Let’s look at a concrete example that will illustrate this concept. Let’s assume we have a signal that we want to sample, and we choose a sampling rate of 4 Hz. This means every 250 ms we sample the signal. According to the Shannon-Nyquist theorem, the maximum frequency we can uniquely identify is half that, which is 2 Hz. This is called the nyquist frequency. Let’s look at a plot and see why this is so.

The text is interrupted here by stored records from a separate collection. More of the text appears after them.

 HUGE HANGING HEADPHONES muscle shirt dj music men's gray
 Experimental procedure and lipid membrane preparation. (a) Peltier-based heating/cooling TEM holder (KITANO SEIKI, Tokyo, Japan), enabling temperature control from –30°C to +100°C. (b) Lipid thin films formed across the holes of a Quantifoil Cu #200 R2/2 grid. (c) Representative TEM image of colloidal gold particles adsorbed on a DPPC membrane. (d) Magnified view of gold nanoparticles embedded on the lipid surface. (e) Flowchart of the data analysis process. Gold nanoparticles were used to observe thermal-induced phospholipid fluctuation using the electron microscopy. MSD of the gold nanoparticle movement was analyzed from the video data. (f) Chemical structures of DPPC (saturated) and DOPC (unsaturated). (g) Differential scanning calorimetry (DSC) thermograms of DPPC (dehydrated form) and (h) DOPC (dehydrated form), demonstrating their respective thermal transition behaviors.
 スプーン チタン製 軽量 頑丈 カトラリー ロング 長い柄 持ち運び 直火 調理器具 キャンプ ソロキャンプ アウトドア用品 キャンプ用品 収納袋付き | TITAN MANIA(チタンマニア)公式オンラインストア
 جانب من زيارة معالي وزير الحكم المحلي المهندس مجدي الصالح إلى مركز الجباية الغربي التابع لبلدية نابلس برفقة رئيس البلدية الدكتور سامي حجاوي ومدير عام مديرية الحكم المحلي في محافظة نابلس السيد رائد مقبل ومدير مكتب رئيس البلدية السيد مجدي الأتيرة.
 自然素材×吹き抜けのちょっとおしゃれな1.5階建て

Below we see a solid blue line showing a 2 Hz signal, a magenta dashed line showing a 4 Hz signal, and a green dashed line showing a 8 Hz signal. Now imagine we sample these signals at 2 Hz, indicated by the vertical red lines. Notice that at the sample points (vertical red lines), the 2 Hz, 4 Hz and 8 Hz signals overlap with identical values. This means that on the basis of our 2 Hz samples, we cannot distinguish between frequencies of 2, 4 and 8 Hz. What’s more, what this means is that if the signal we are actually sampling at 2 Hz has significant signal power at frequencies above the Nyquist (1 Hz) then the power at these higher frequencies will influence our estimates of the magnitude coefficients corresponding to frequencies below the Nyquist… in other words the high-frequency power will be aliased into the lower frequency estimates.

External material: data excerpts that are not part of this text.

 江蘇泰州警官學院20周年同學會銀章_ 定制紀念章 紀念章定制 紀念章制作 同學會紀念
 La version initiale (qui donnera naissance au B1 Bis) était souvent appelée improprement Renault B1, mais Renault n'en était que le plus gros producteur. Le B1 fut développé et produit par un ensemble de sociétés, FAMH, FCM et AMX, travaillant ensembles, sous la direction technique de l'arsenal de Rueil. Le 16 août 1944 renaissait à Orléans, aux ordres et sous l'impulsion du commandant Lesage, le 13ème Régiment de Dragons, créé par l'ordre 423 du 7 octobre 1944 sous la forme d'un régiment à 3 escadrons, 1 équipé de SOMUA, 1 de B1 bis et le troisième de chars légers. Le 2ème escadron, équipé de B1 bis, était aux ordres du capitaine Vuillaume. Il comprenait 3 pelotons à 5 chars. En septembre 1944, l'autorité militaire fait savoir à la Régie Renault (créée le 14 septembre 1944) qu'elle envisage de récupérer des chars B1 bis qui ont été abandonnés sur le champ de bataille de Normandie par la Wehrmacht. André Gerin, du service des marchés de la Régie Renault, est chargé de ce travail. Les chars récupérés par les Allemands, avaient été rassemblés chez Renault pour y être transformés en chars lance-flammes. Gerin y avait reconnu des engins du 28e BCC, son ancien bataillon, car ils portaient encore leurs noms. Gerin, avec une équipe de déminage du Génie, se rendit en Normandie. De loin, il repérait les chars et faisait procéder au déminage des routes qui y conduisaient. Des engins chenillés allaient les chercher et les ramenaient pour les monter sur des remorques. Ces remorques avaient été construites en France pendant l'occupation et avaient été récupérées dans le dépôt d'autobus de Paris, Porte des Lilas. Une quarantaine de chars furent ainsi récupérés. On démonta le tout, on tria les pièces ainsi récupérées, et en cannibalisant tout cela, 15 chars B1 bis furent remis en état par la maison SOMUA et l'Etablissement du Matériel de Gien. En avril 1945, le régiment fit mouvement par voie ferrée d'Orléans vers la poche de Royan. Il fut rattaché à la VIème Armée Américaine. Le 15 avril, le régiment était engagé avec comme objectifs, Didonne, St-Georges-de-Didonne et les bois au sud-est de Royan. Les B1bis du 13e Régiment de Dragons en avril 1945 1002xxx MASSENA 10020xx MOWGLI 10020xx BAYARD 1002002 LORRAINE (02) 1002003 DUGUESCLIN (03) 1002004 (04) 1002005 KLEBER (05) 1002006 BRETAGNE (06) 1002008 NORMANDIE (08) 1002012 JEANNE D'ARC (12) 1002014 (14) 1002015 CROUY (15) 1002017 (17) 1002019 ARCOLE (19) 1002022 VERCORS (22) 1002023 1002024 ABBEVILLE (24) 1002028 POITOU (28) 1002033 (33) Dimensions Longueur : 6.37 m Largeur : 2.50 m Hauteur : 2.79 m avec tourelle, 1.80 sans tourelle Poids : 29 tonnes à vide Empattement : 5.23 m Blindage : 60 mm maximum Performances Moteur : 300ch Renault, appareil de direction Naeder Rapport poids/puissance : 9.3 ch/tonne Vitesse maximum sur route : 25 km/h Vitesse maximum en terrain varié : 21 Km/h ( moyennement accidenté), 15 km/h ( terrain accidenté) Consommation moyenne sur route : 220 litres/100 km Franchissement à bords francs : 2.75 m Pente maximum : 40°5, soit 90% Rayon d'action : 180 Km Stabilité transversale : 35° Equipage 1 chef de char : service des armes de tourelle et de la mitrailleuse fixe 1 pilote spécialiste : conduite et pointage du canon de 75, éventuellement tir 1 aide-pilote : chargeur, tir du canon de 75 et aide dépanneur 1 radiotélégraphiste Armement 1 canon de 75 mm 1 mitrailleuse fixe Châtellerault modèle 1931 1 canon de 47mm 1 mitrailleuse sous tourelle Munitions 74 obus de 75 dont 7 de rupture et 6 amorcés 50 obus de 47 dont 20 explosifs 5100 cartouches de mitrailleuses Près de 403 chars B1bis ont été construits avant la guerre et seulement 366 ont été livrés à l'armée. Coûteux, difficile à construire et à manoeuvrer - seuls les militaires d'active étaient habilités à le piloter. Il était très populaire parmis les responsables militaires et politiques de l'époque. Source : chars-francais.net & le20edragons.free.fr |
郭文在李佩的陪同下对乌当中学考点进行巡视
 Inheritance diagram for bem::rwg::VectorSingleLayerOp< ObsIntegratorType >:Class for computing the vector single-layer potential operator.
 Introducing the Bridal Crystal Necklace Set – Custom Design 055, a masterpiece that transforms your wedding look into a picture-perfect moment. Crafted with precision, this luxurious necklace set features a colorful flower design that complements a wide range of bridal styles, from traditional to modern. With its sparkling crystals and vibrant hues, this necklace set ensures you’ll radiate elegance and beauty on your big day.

Below is another example taken from the wikipedia article on aliasing. Here we have two sinusoids — one at 0.1 Hz (blue) and another at 0.9 Hz (red). We sample both at a sampling rate of 1 Hz (vertical green lines). You can see that at the sample points, both the 0.1 Hz and 0.9 Hz sinusoids “hit” the sample points and thus both would influence our estimates of the power at the 0.1 Hz frequency. Since the sampling rate is 1 Hz, the Nyquist frequency (the maximum frequency we can distinguish) is 0.5 Hz - and so any power in the signal above 0.5 Hz (such as 0.9 Hz) will be aliased down into the lower frequencies (in this case into the 0.1 Hz band).

signal-aliasing.jpg

So the message here is that in advance, before choosing your sampling rate, you should have some knowledge about the highest frequency that you (a) are interested in identifying; and (b) you think is a real component in the signal (as opposed to random noise). In cases where you have no a priori knowledge about the expected frequency content, one strategy is to remove high frequency components before sampling. This can be accomplished using low-pass filtering — sometimes called anti-aliasing filters. Once the signal has been sampled, it’s too late to perform anti-aliasing.

Power spectra#

Rather than going into the computational details of how magnitude and phase coefficients are estimated (which goes beyond the scope of this course), we will now talk about how to interpret them.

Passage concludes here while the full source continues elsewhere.